The following table summaries our evaluation results:

Algorithm	Link Utilization	Fairness	Space Requirement	Per-flow State Information	Configuration Complexity
RED	Good	Unfair	Large	No	Hard
FRED	Good	Fair	Small	Yes	Easy (Adaptive)
BLUE	Good	Unfair	Small	No	Easy
SFB	Good	Fair	Large	No	Hard
CHOKe	Good	Fair	Small	No	Easy (Adaptive)

Reference

1. Jain, R., and Ramakrishnan, K.K., Congestion Avoidance in Computer Networks with a Congestionless Network Layer: Concepts, Goals, and Methodology, Proc. IEEE Comp. Networking Symp., Washington, D.C., April 1988, pp.134-143.

2. Floyd, S., TCP and Explicit Congestion Notification.
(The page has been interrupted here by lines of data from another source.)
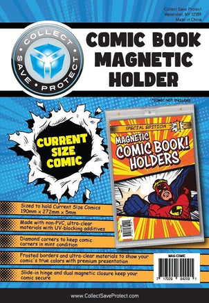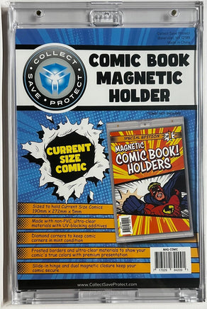 COLLECT*SAVE*PROTECT'S Current Size Comic MAGNETIC holders are premium comic book storage cases designed as the final destination for your collectible comic books. The two-piece MAGNETIC closure holders are uniquely designed with slide-in hinges and dual magnetic closure so you'll never have to use a screwdriver again. The holder uses UV-blocking additives to protect your comic book from harmful UV rays and is made with non-PVC materials to provide acid-free protection - ensuring your valuable hit retains its condition while under the display. This model can hold comic books, artwork, and other collectibles
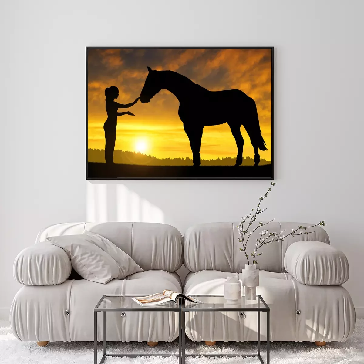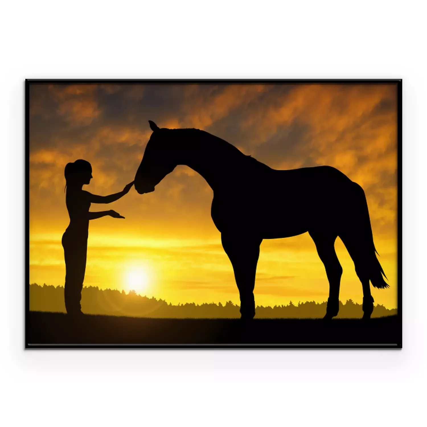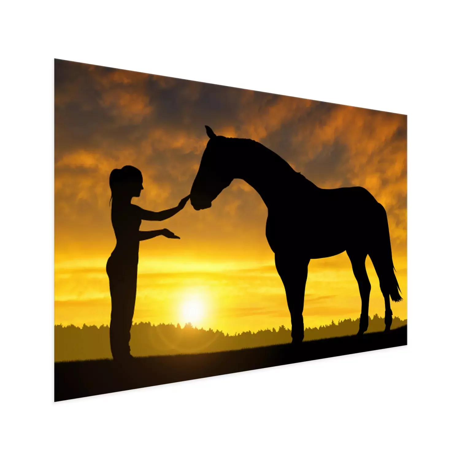 Poster  Cheval et femme au coucher du soleil
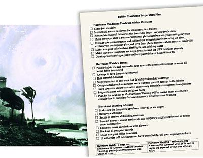 What’s the first thing you’d do when a hurricane warning sounds in the middle of a job? A ToolBase TechNote entitled “Hurricane Preparedness for Builders,” by the NAHB Research Center of Upper Marlboro, Md., offers a preparation plan (reprinted with permission at right), which itemizes tasks you might not have thought about beforehand.
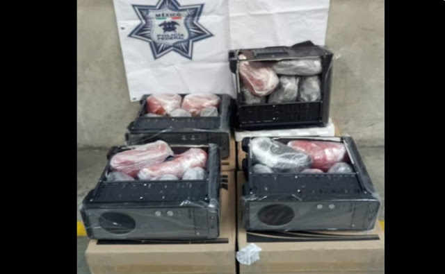 Agentes de la División de Fuerzas Federales de la Policía Federal con apoyo de binomios caninos adiestrados en la detección de narcóticos, aseguraron en una empresa de mensajería en el Estado de México, cerca de 30 kilos de marihuana ocultos dentro de cuatro gabinetes CPU de computadora.
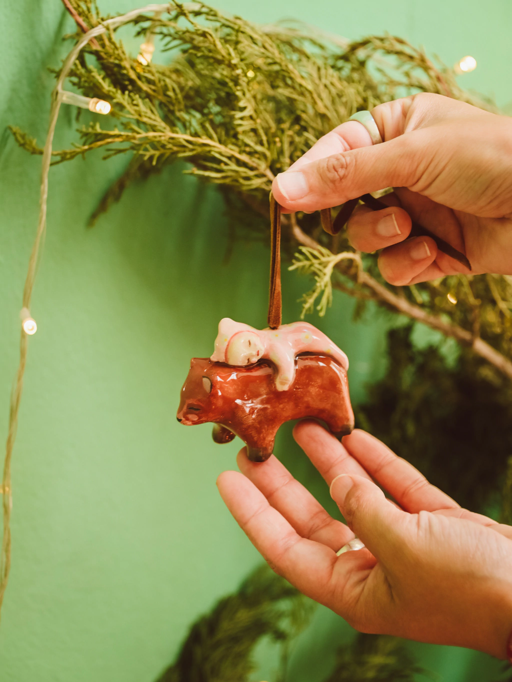 Adornito en forma de oso con niña dormida. Tiene un cordon gamuzado para colgar.
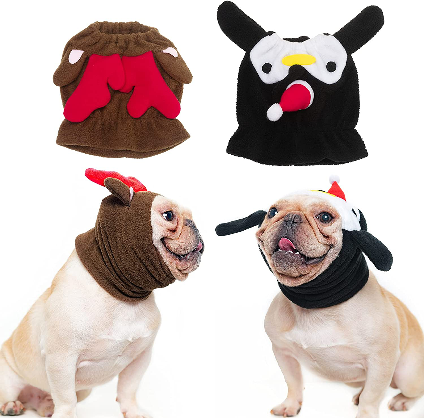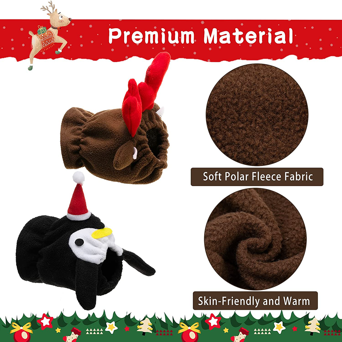Special DesignThree-dimensional design of elk antlers and penguins make the costumes look more funny. And your pets can wear them on different occasions. | High-Quality MaterialThe Polar Fleece Fabric is soft and warm. It is elastic and very comfortable for your pets to wear. | Practical DesignThe neck and head of the dog costumes are designed with elastic cords, making them easy for wearing. |
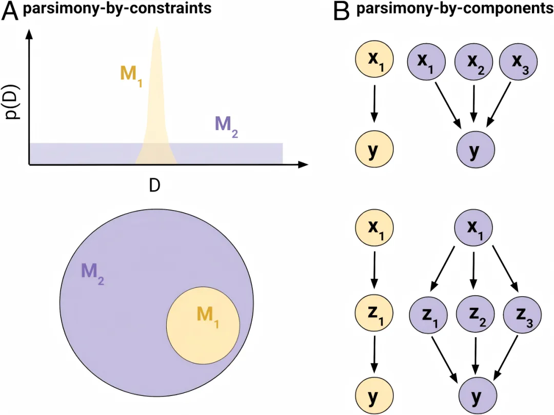 右图对应“组件简约性”。上:简约性更强的模型(黄色)使用比更复杂模型(紫色)更少的输入变量。下:简约性更强的模型(黄色)假设比更复杂模型(紫色)更少的潜在变量/原因。
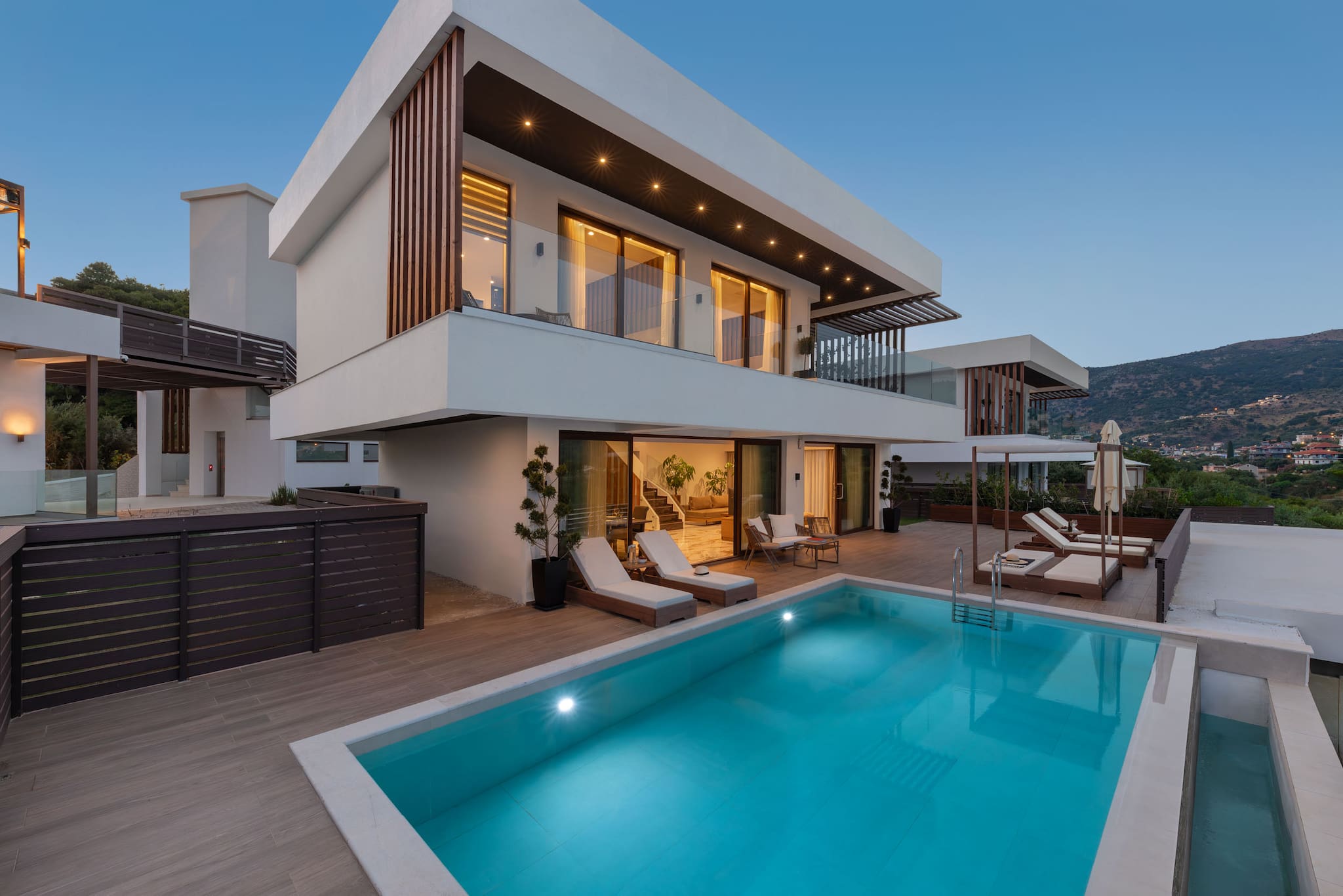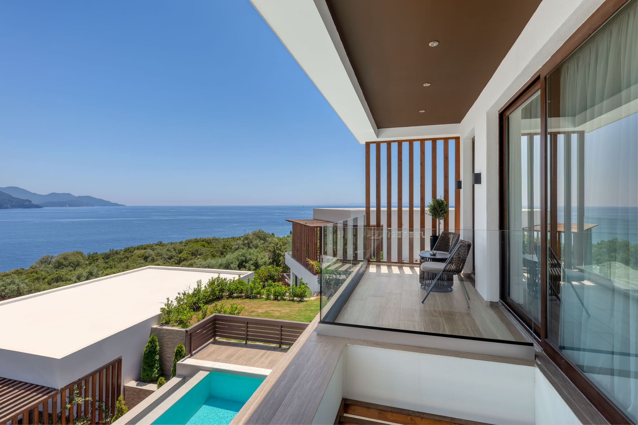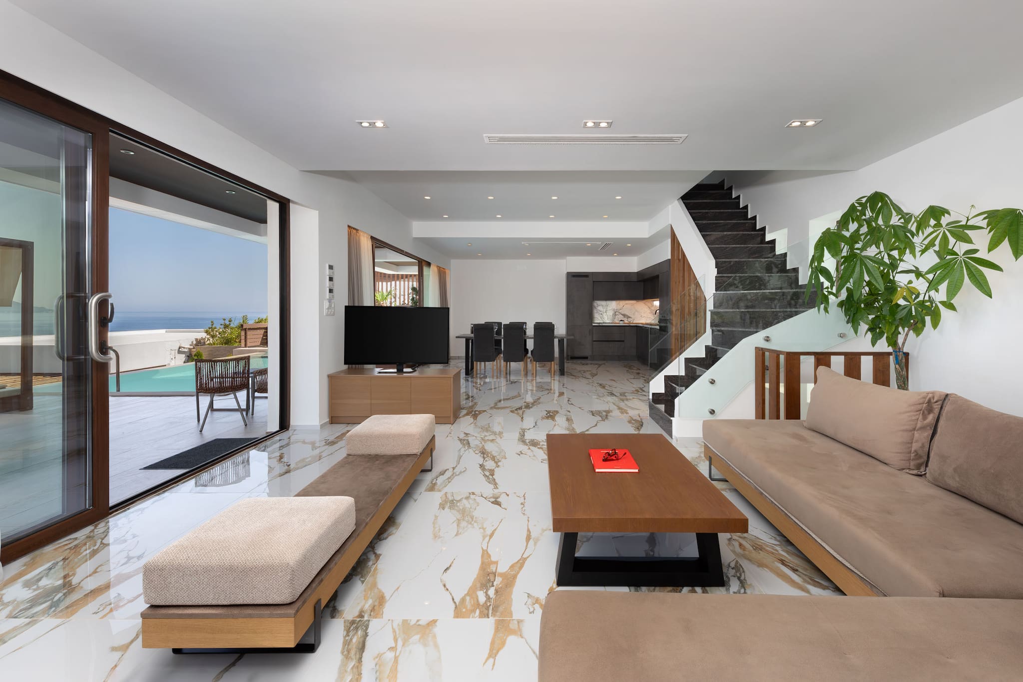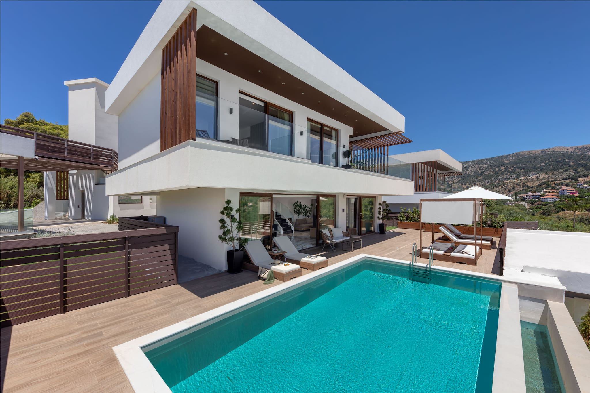 The sleek contemporary design of Villa Tria makes the most of its panoramic position perched up on the mountainside of Sivota. Floor-to-ceiling of glass doors and windows, flood the interiors with natural light and views of the Ionian Archipelagos.

ACM Computer Communication Review, V. 24 N. 5, October 1994, pp. 10-23.

3. Floyd, S., and Jacobson, V., Random Early Detection gateways for Congestion Avoidance V.1 N.4, August 1993, pp. 397-413.

4. D. Lin and R. Morris. Dynamics of Random Early Detection. In Proceedings of ACM SIGCOMM’ 97, pp. 127-137, Cannes, France, October 1997.

5. W. Feng, D. Kandlur, D. Saha, K. Shin, Blue: A New Class of Active Queue Management Algorithms U. Michigan CSE-TR-387-99, April 1999.

6. A. Demers, S. Keshav, and S. Shenker. Analysis and Simulation of a Fair Queueing Algorithm, In Journal of Internetworking: Research and Experience, 1, pp. 3-26, 1990.

7. Rong Pan, Balaji Prabhakar, Konstantinos Psounis. CHOKE, A Stateless Active Queue Management Scheme for Approximating Fair Bandwidth Allocation. IEEE INFOCOM 2000.

8. The ns Manual. The VINT Project. http://www.isi.edu/nsnam/ns/doc/index.html.

[1] Due to the method for changing the UDP rate in ns-2, the sample intervals we choose are not uniform, but they will not affect our analysis

[2] The figures of the real queue size has a lot of jitters and difficult to read.